Asymptotic profiles of solutions for the generalized Fornberg-Whitham equation with dissipation
Ikki Fukuda
TL;DR
This paper analyzes the Cauchy problem for the generalized Fornberg–Whitham equation with dissipation and nonlocal dispersion, establishing that solutions converge toward a modified heat kernel $G_0$ as $t\to\infty$ and identifying a second-order correction that depends on the nonlinearity degree $p$. The authors develop a Fourier-based framework to approximate the nonlocal term by a linearized dispersive-diffusive kernel $G_0$ and derive precise Duhamel-term asymptotics, yielding explicit second-order profiles $W_p$ for $2<p<3$, a logarithmic correction for $p=3$, and combined $(m+M)\partial_x G_0$ and $t\partial_x^3 G_0$-type terms for $p>3$. The results reveal how dissipation dominates the first-order asymptotics, while dispersion and nonlinear effects shape higher-order profiles, with sharp decay rates in $L^q$ spaces.
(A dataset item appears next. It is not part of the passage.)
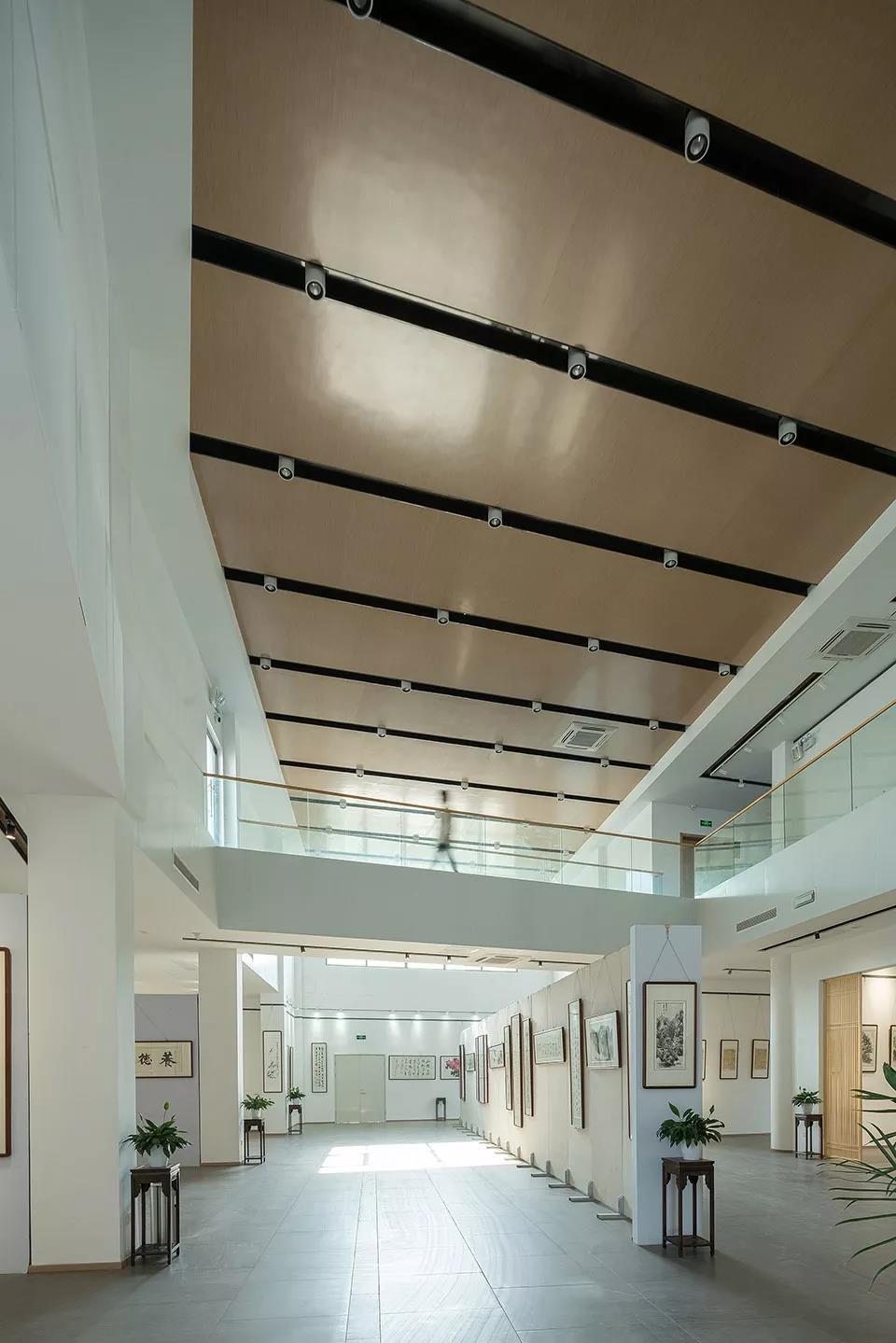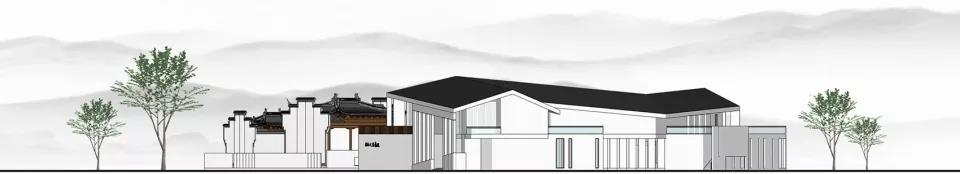 書畫院采用了白墻黑瓦的古樸材質,避免額外裝飾,僅用簡練的幾何體量創造空間,與傳統徽派的九牧堂既對比又呼應。建成之后的觀感也基本符合我們的預期,低緩的輪廓,交錯的形體,多變的空間效果,加上景觀綠植的襯托,曲直錯落,光影變幻,黑白起伏,遠觀就像一幅山水畫卷。

The work thus clarifies the interplay between nonlocal dispersion, dissipation, and nonlinearity in the long-time behavior of solutions to dissipative dispersive equations.
Abstract
We consider the Cauchy problem for the generalized Fornberg-Whitham equation with dissipation. This is one of the nonlinear, nonlocal and dispersive-dissipative equations. The main topic of this paper is an asymptotic analysis for the solutions to this problem. We prove that the solution to this problem converges to the modified heat kernel. Moreover, we construct the second term of asymptotics for the solutions depending on the degree of the nonlinearity. In view of those second asymptotic profiles, we investigate the effects of the dispersion, dissipation and nonlinear terms on the asymptotic behavior of the solutions.